Asia-Pacific real estate private credit raised $11.2 billion between 2020 and 2024, marking a 40% increase that signals the region’s growing prominence in alternative lending. Over the next three years, Knight Frank projects $90 to $110 billion in private credit growth across Australia, Hong Kong SAR, India, and South Korea. Australia is expected to drive almost 50% of this expansion, with India contributing 20-25%, based on anticipated real estate debt growth and private credit’s expanding market share through 2028.

Despite this under-representation, the region shows clear momentum. Average fund sizes in Asia-Pacific have consistently exceeded $100 million since 2022, reflecting stronger capital commitments and rising real estate project funding requirements.

Australia leads regional activity, capturing 40% of the $11.2 billion raised between 2020 and 2024. Private credit now accounts for an estimated $50 billion or 16% of total commercial real estate lending in the country, as conservative bank policies push more borrowers toward specialist private credit funds. South Korea accounts for 11% of the regional total, while Japan represents 5%, with the remaining 8% spread across other markets.

Simon Mathews, director, capital advisory, global capital markets, Knight Frank, says, “Private credit is becoming an increasingly prevalent financing option for developers and investors across Asia-Pacific, offering speed, flexibility, and solutions, in place of or complementing traditional lending sources.”

Family office interest accelerates growth

The report highlights increasing participation from ultra-high-net-worth individuals and family offices, with global family office assets estimated at $3.1 trillion.
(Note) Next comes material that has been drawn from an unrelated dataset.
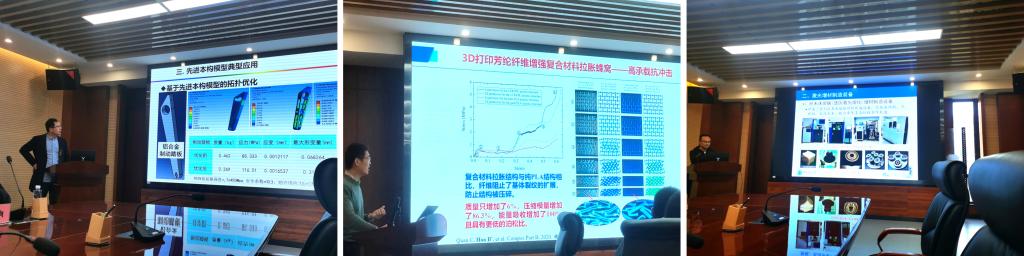 随后,国际机械中心娄燕山教授介绍了轻质金属塑性本构模型建立的研究工作及典型应用成果;装备智能诊断与控制研究所韩宾副教授汇报了团队在轻质多孔材料设计、性能分析及制造工艺等方面的先进技术与应用成果;先进制造技术研究所黄胜高级工程师分享了所在团队的增材制造工艺新方法与新技术;设计科学与基础部件研究所李响副教授讨论了视觉智能识别技术在车辆运维方面的应用前景。
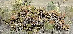 Potential wildfires destroy the adult plants, but the seeds can survive such events, being safely stored in a cap. The seeds are eventually dispersed by means of the wind. Pollination occurs through the action of birds. The plant grows on dry slopes in sandstone-derived soils, and is found at altitudes of 450 to 1,400 metres.[6]

Knight Frank’s inaugural Family Office survey found 37% of respondents intend to increase indirect real estate exposure over the next 18 months, while BlackRock’s 2025 Family Office survey shows nearly one-third want to increase private credit allocations — the highest of any asset class.

Private credit providers target returns of 3 to 6.5% above benchmark rates in core strategies, with higher-risk approaches potentially delivering double-digit returns. The higher interest rate environment has strengthened the investment case for private credit as an asset class.